Critical Monitoring Points for Scenario Divergence: 1. Q3 2030 NPA trajectory — Must peak and stabilize; continued rise triggers bear case 2. IT services wage recovery velocity — Monitor IT professional re-employment salary levels quarterly 3. Fund manager commentary on IT hiring — Leading indicator for sector stabilization 4. Bajaj Finance new origination quality — AI credit scores on post-2030 originations critical for bull case


CONCLUSION

Bajaj Finance's 2029-2030 crisis was a function of concentrated occupational exposure (IT services) colliding with sector-specific employment shock (AI automation).

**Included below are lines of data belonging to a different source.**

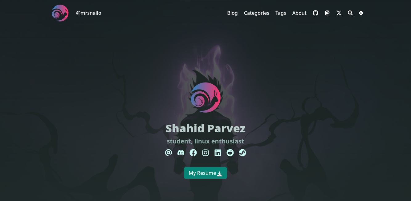 git clone https://github.com/mrsnailo/mrsnailo.gtihub.io.git - Go to the directory and Install dependencies. (Use npm /yarn)
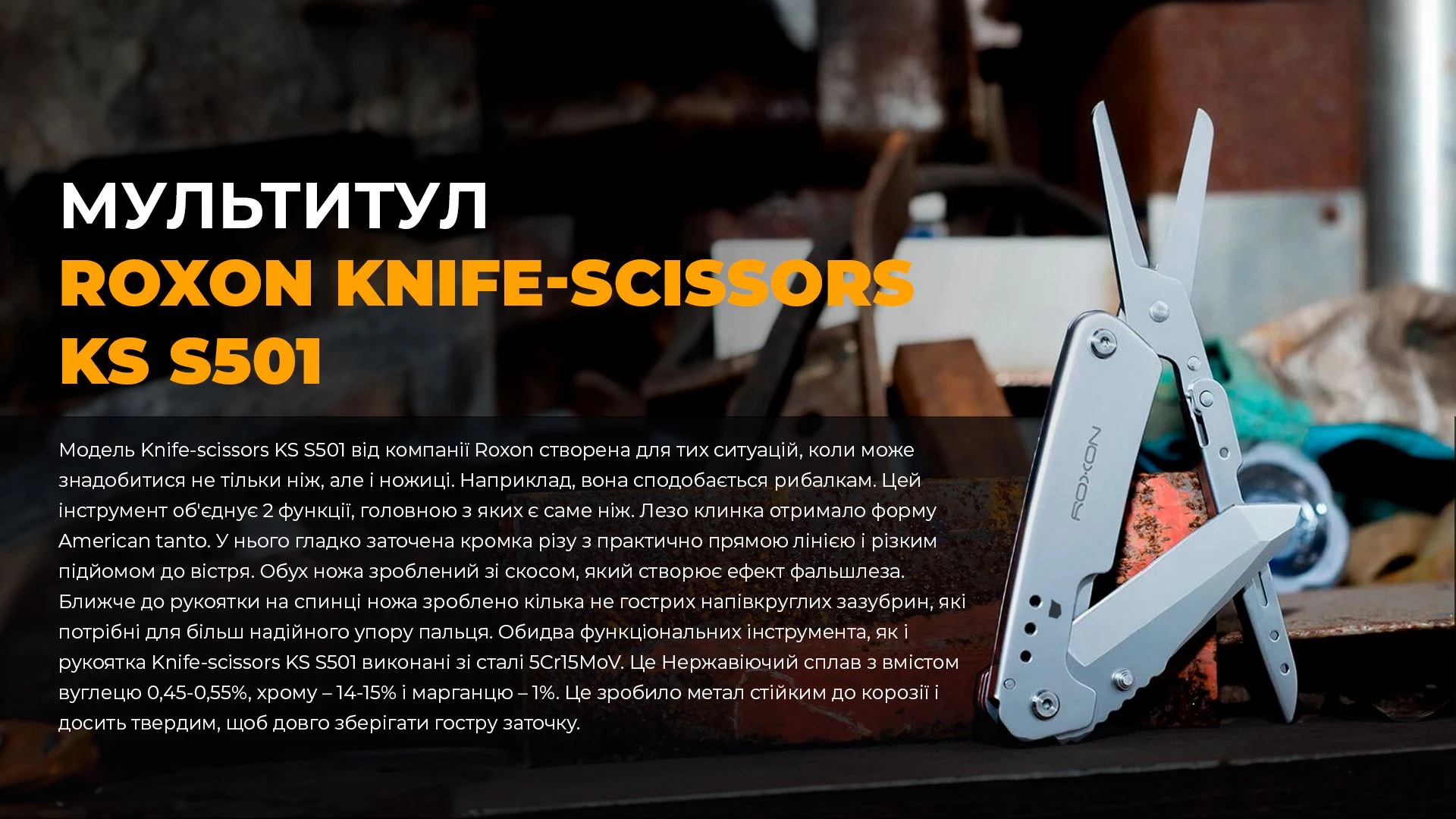 Обидва функціональних інструменту, як і рукоятка Knife-scissors KS S501 виконані зі сталі 5Cr15MoV. Це Нержавіючий сплав з вмістом вуглецю 0,45-0,55%, хрому – 14-15% і марганцю – 1%. Це зробило метал стійким до корозії і досить твердим, щоб довго зберігати гостру заточку. За ним не складно доглядати, адже досить стежити, щоб інструмент після використання зберігався сухим і чистим.
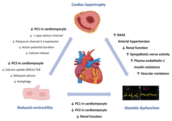 PC1 and PC2, the PKD1 andPKD2 products, are essential for the development of the heart. One of the major sites of PKD1 expression is in the developing and mature cardiovascular system [105]. Moreover, PC1 has been found to regulate L-type calcium channel protein levels through the AKT pathway and cardiomyocyte contractility in a mouse model, suggesting a crucial role for this protein in cardiac function [108,109,110]. PC1 has been shown to act as a mechanosensor in cardiomyocytes, required for stretch-induced cardiomyocyte hypertrophy as well as for pressure overload-induced hypertrophy [108]. PC1 is a critical modulator of apoptosis and fibrosis. Cardiomyocyte PC1 plays a pivotal role in regulating fibroblast-to-myofibroblast differentiation, with implications for cardiac fibrosis and remodeling [111]. Also noteworthy is the fact that mice harboring a cardiomyocyte-selective conditional silencing of PC1 do not develop fibrosis after being subjected to transverse aortic constriction [108], supporting the role of this protein in cardiac remodeling. Moreover, PC1 mitigates cardiac damage during ischemia/reperfusion, likely through AKT activation, and regulates the connective tissue growth factor expression in cardiomyocytes [111]. The cardiomyocyte-specific deletion of PKD1 impairs the systolic and diastolic functions in mice [112].
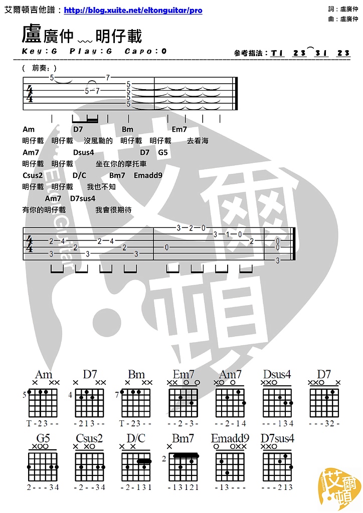 《卢广仲《明仔载吉他谱》》内容来自于互联网,不能保证内容的准确性与完整性,仅供学习交流欣赏,请勿用于其它用途,内容版权归原作者及来源网站所有,如有侵犯到您的权益请来信告知,我们将及时删除。
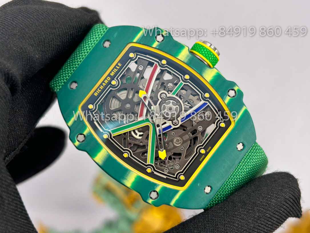 This is the most customized version of the RM67-02 on the market. All the materials used are of the highest quality, making it resemble the authentic version as closely as possible, while the price is extremely affordable, only a few thousand USD. The weight ranges from 36 to 37 grams, compared to the original's 32 grams, but it is still perfectly 1:1 in size with the original. The Richard Mille watch designed for athletics, following tennis and Formula 1 racing.
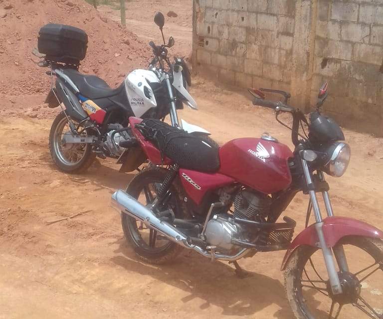 No local, os militares constataram que se tratava da motocicleta Honda, modelo CG, cor vermelha.
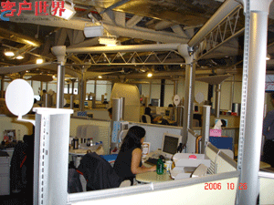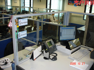 由于吊顶较高,座席间距也较大,话房的噪音较小。员工的桌子十分整洁;键盘托架可随意调整高度;椅子是符合人体工学的品种;显示器侧面专门有一个粘钩用来悬挂耳麦;桌面下有专门定制的多层抽屉,可180度展开,像莲花瓣一样,可存放其它办公用品。主管或者班长的桌旁还有一块悬在侧面的白板,用来召开一些临时会议,或者小组讨论,备忘录等。舒适开阔的办公环境让员工时刻保持愉快高涨的工作热情和信心。
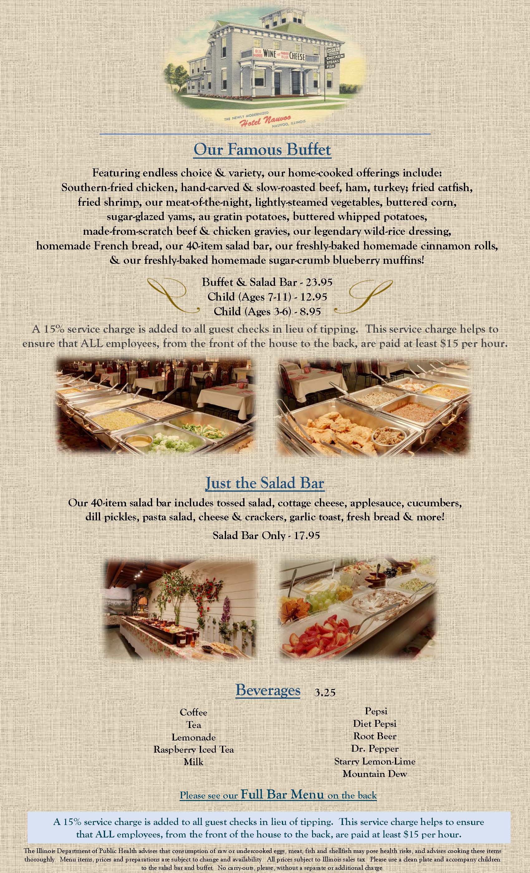 HISTORIC NAUVOO HOTEL CIRCA 1841: FULLY RESTORED OVERNIGHT ROOMS & A FAMOUS BUFFET SERVED FRIDAY EVENINGS & SATURDAY EVENINGS FROM 4:30 PM TO 7:30 PM. WE DO NOT UTILIZE ANY ONLINE BOOKING SERVICES. IF YOU SEE AN AD FOR ONLINE BOOKING, IT IS NOT FOR ONE OF OUR ROOMS.
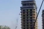 В социальных сетях распространилось видео, на котором с новостройки сбрасывают смесь похожую на песок или бетон. Видео распространилось в
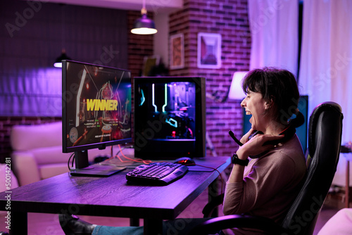 Online player winning video games tournament on live stream, using computer to have fun in rpg championship with multiple players. Female gamer celebrating action gameplay challenge win.
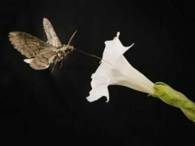 图为一只飞蛾正在对花卉授粉,最新研究表明,车辆尾气带来的污染不容忽视,将破坏...
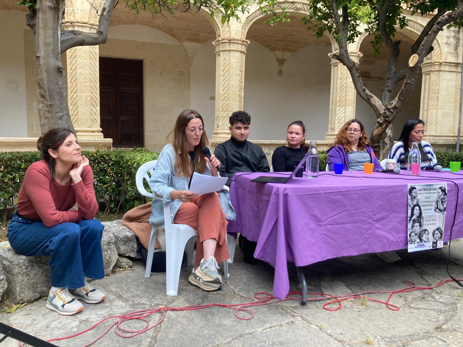 Chaima, també d’entre el públic, tengué paraules de reivindicació per a la infància migrant: “ A les escoles, els alumnes que acaben d’arribar també ho passen malament. Molts de nins arriben i no saben ni castellà ni català, i a les escoles falta una figura per ajudar aquests nins, i com que no hi és, és un paper que hem d’assumir nosaltres, quan això no és responsabilitat nostra”.
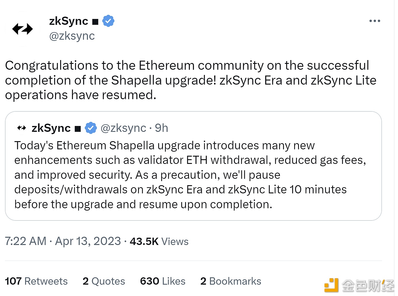 为配合以太坊Shapella升级,以太坊二层网络zkSync此前停止了zkSync Era和zkSync Lite存款/取款交易。 zkSync官推宣布,随着Shapella升级顺利完成,目前zkSync Era和zkSync Lite存款/取款等操作已经恢复。
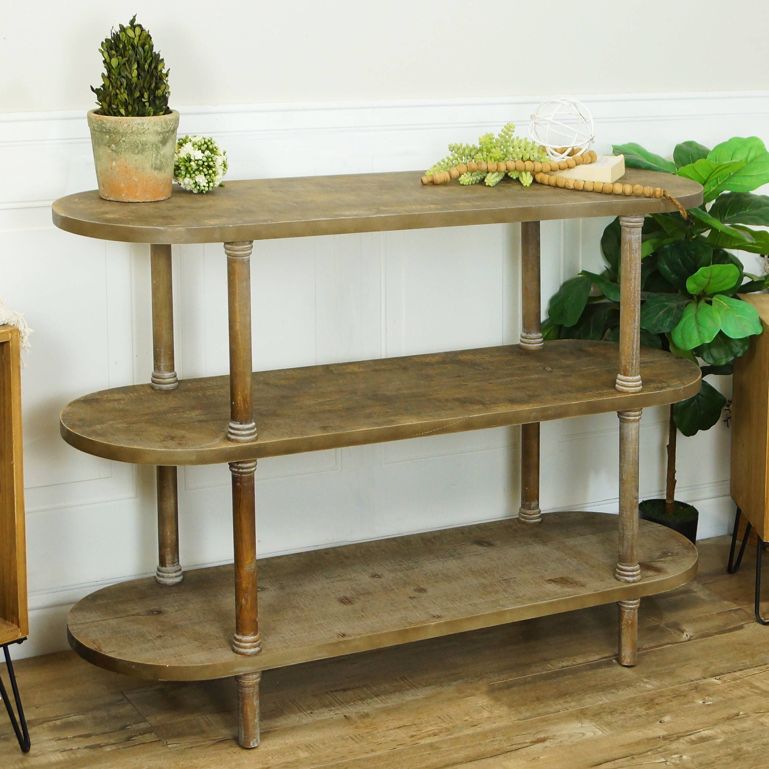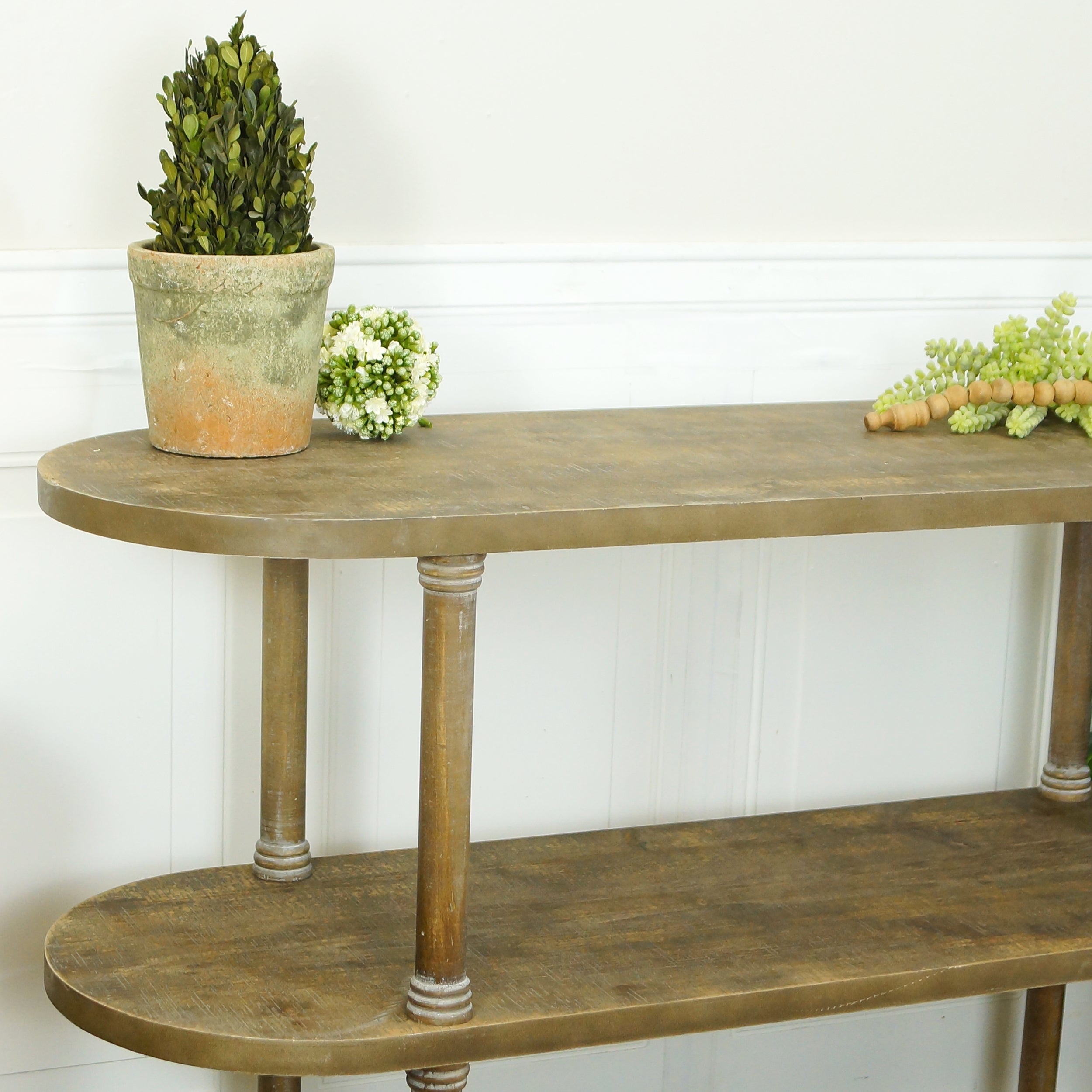 Refresh your surroundings with personal mood and touch, decor thoughtfully curated from VIP’s French Market collection. Made of wood, this shelving unit is the perfect addition of character and charm for your living space.

The crisis was severe—gross NPAs tripled from 1.2% to 3.8%—but the company's strong capital position, sophisticated AI credit capabilities, and improving new origination quality position it for recovery once macro conditions stabilize.

At current valuations (P/E 8.1x vs. historical 15-18x), the risk-reward is skewed favorably for multi-year investors. However, near-term volatility is likely, and recovery timelines are uncertain.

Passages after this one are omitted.